Highly sophisticated ist auch die weibliche Kommunikation. Je länger man sie kennt, desto häufiger verwenden Frauen ein Protokoll, dessen Verständnis die profunde Kenntnis weiblicher Fuzzy-Logik voraussetzt: Wenn Frauen nölen – was insofern tautologisch ist, als dass Männer derartiges gar nicht können – dann vermeiden sie es, die Zielvariable eindeutig zu benennen.

Sie umschreiben sie statt dessen unscharf mit Worten wie “wenigstens”, “das mindeste wäre gewesen” und “nicht einmal… hast du”. Dies ermöglicht es ihnen, auf den höheren Protokoll-Layern sehr effizient die Botschaft von einer Art virtuellen Verärgerung zu verbreiten, also einer ungnädigen Stimmung, die nicht von irgendwelchen konkreten und damit trivialen Gründen abhängig ist.

Männer verstehen sowas nicht. Die m- und die f-Versionen des Menschen fahren bei der Intersystem-Kommunikation eben grundsätzlich verschiedene Protokoll-Stacks. Und bislang ist kein Gateway erfunden worden, das in der Lage wäre, den Informationsaustausch zwischen beiden Welten zuverlässig zu gewährleisten.

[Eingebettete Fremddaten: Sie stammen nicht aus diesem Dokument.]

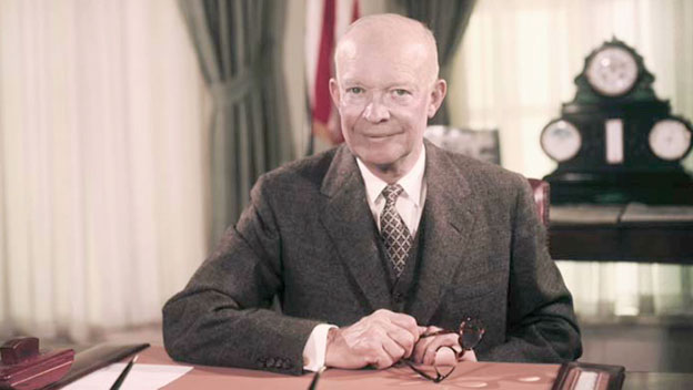 Although Eisenhower embraced religion, biographers insist he never intended to force his beliefs on anyone. In fact, the chapel-like structure near where he and his wife Mamie are buried on the grounds of his presidential library is called the “Place of Meditation” and is intentionally inter-denominational. At a Flag Day speech in 1954, he elaborated on his feelings about the place of religion in public life when he discussed why he had wanted to include “under God” in the pledge of allegiance: “In this way we are reaffirming the transcendence of religious faith in America’s heritage and future; in this way we shall constantly strengthen those spiritual weapons which forever will be our country’s most powerful resource in peace and war.”

Das Paradoxon der heterogenen zwischenmenschlichen Kommunikation halt: Manchmal geht in so einem bipolaren Human-Cluster nichts mehr – weniger noch: überhaupt gar nichts.

Und dann wiederum, bei einer entsprechenden Systemumgebung, erreicht der Interconnect von 100prozentig inkompatiblen Protokollen Performance-Peaks, wie sie theoretisch überhaupt nicht möglich sind. Innerhalb eines halben Takts, also während eines Augenaufschlags, synchronisieren die beiden ihre Schedules, um ein tightly coupled System zu bilden für eine Woche, ein Jahr, mehrere Jahrzehnte oder vielleicht sogar bis an ihr Lebensende – mindestens jedoch für eine Nacht.

Und dann kommen irgendwelche IP-basierten Sprachverhunzer daher und wollen sowas von einer Site aus initialisieren, die heißt, als würde man dort mit Unternehmensbeteiligungen, Schuldverschreibungen oder Schweinehälften handeln.